Pertandingan itu berlangsung luar biasa, big match EPL yang sesungguhnya. Kedua tim berbalasan mejebol gawang satu sama lain.

Diego Simeone : Tim Inggris tidak bisa bertahan

Selama menangani Atletico Madrid, Diego Simeone memang dikenal sebagai pelatih yang mengutamakan kemampuan defensif. Timnya bisa duduk bertahan selama 90 menit jika memang itu yang dibutuhkan untuk menang.

Nah sepertinya Diego Simeone tidak terbiasa melihat laga yang berakhir dengan skor-skor besar, seperti skor 4-4 Chelsea vs Man City kemarin.

“Anda lihat sepak bola Inggris sekarang, pertandingan berakhir dengan skor 4-4, 5-3, 6-2, atau 5-1,” buka Simeone.

“Itu bagus bagi fans, seperti Chelsea vs Man City. Laga-laga itu menarik untuk ditonton, tapi tidak ada yang bisa bertahan!” Baca Juga Mykhailo Mudryk Bagus, tapi Kalau Belum Konsisten Ya Gak Bisa Jadi Pemain Top

Rodri membantah

Komentar Diego Simeone itu sepertinya sampai ke telinga Rodri. Sebagai pemain Man City yang sudah bertahun-tahun bermain di Liga Inggris, Rodri tidak bisa terima begitu saja klaim sepihak tersebut.
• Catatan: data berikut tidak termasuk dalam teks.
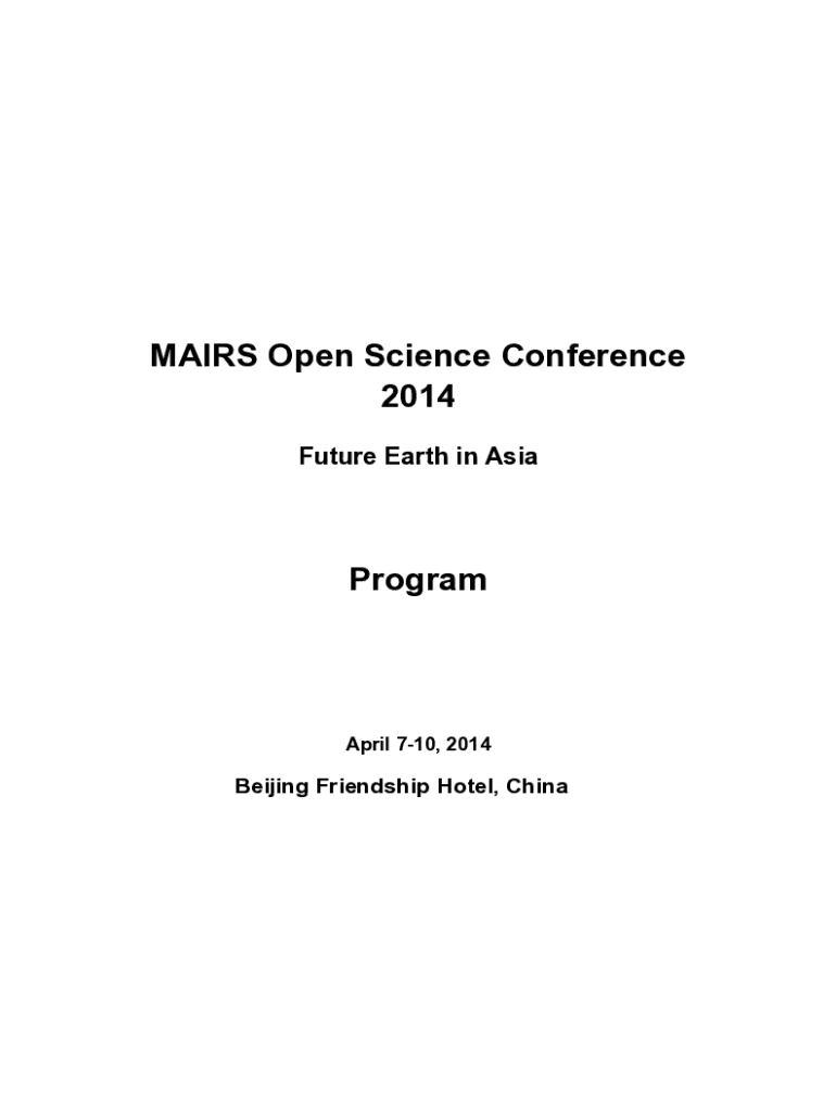 PAIRS Open Science Conference 2014 Future Earth in AsiaProgramApril 710, 2014Beijing Friendship Hotel, ChinaBackground ..........................................................................................................................

“Saya sedikit tidak setuju. Tidak semua tim bermain dengan gaya main yang sama, tapi saat melawan Man City, banyak tim yang memilih bertahan selama 90 menit,” jawab Rodri.

“Tentu saja, kasusnya tidak selalu seperti itu, ada beberapa laga yang berlangsung lebih terbuka. Namun, jelas bahwa EPL adalah liga sulit dengan pertahanan-pertahanan tangguh,” tandasnya.

Sebelum Diego Simeone menjadi pelatih di Atletico Madrid, pelatih asal Argentina tersebut merupakan gelandang ganas yang telah menjuarai banyak trofi termasuk gelar ganda La Liga dan Copa del Rey bersama pasukan Rojiblanco.

Gelandang box-to-box yang gesit, teknikal, serta agresif itu mampu menghentikan dan memulai serangan, Diego Simeone bersinar selama satu dekade di LaLiga, diawali bersama Sevilla lalu dua periode berbeda sebagai pemain Atlético.

Setelah melewati berbagai tahapan di Velez Sarsfield di Argentina, Diego Simeone bermain dua musim di klub Italia AC Pisa sebelum bergabung dengan Sevilla pada musim panas tahun 1992.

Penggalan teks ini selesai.